ElevenLabsとは?AI音声合成の最前線を担うプラットフォームの全貌

ElevenLabsは、2022年に創業されたAI音声合成スタートアップであり、現在世界で最も高品質な音声生成・音声クローン技術を提供するプラットフォームの一つとして広く認知されています。テキストを入力するだけで人間と区別がつかないほど自然な音声を生成できる技術は、コンテンツ制作・教育・ゲーム・カスタマーサービスなど多様な領域に革新をもたらしています。本記事では、ElevenLabsの概要・主要機能・料金プラン・競合比較・活用シーンから注意点まで、音声AI分野の実務に携わる立場から網羅的に解説します。

AIが生成する音声波形のイメージ。ElevenLabsはテキストから極めて自然な音声を生成する
AIが生成する音声波形のイメージ。ElevenLabsはテキストから極めて自然な音声を生成する

ElevenLabsの概要と背景

ElevenLabsは、ポーランド出身のMati StaniszewskiとPiotr Dabkowskiによって2022年に設立されたAI企業です。本社はニューヨークに置き、2024年には評価額10億ドルを超えるユニコーン企業となりました。Google・Palantir出身のエンジニアが中核を担い、深層学習ベースのTTS(Text-to-Speech)モデルを独自開発しています。

創業のきっかけは、既存の音声合成ツールが映画や吹き替えの品質に全く追いつけないという問題意識でした。「人間のナレーターと区別できない音声AIをつくる」というビジョンのもと、感情表現・抑揚・息継ぎまで再現するモデルを開発し、短期間で業界標準的な存在へと成長しました。

現在は個人クリエイターから大手メディア企業まで幅広いユーザーに利用されており、対応言語は2025年時点で30言語以上にのぼります。
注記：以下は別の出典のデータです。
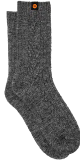
W006 Mottled grey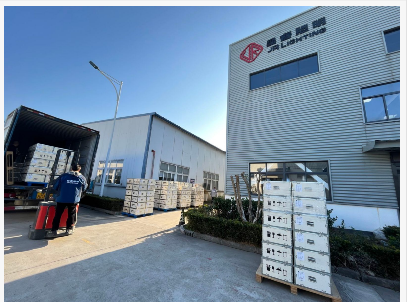
jr lighting manufacture

JR Lighting's expertise spans critical lighting applications, with LED flood lights as its flagship product, complemented by solutions for infrastructure, sports venues, and urban development:

日本語にも正式対応しており、自然なイントネーションの日本語音声を生成できる点が国内での注目を集めています。

ElevenLabsの主要機能

テキスト読み上げ(Text to Speech)

最も基本的な機能が、テキストを入力して音声に変換するText to Speech(TTS)です。ElevenLabsのTTSが他サービスと一線を画す理由は、感情・話速・抑揚をコンテキストから自動判断して再現する点にあります。単に文字を読み上げるだけでなく、疑問文では語尾を上げる、感嘆符では興奮気味のトーンになるといった自然な変化が自動で加わります。
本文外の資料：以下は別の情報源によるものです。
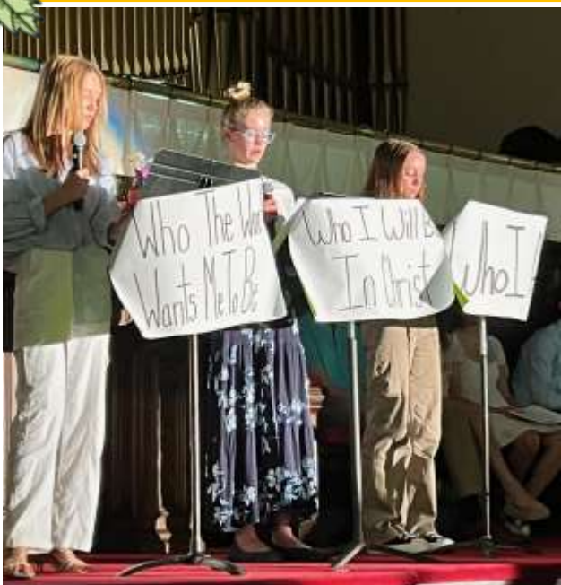
A big round of applause to the Youth for their performances on Youth Sunday! If you missed it, you can watch the recording of it on our Youtube page!

Middle & High School camp is June 30 - July 4 th at noon .

ウェブブラウザ上のエディタから直接操作でき、生成した音声はMP3・WAV形式でダウンロード可能です。APIを通じてアプリケーションやワークフローに組み込むことも容易で、開発者向けの利用も非常に多い機能です。

音声クローン(Voice Cloning)

ElevenLabsの中でも特に注目を集めるのが音声クローン機能です。数十秒〜数分程度の音声サンプルをアップロードするだけで、その声の特徴を学習したカスタム音声モデルを作成できます。クローンした音声はTTS機能と組み合わせて、任意のテキストをその「声」で読み上げさせることができます。

音声クローンには2種類あります。

  • Instant Voice Cloning(即時クローン):短いサンプル音声(1分前後)からすぐに音声モデルを生成。精度は標準的だがすぐに使える。
  • Professional Voice Cloning(プロフェッショナルクローン):30分以上の高品質な音声サンプルを使って精度の高いモデルを構築。有料上位プランで利用可能。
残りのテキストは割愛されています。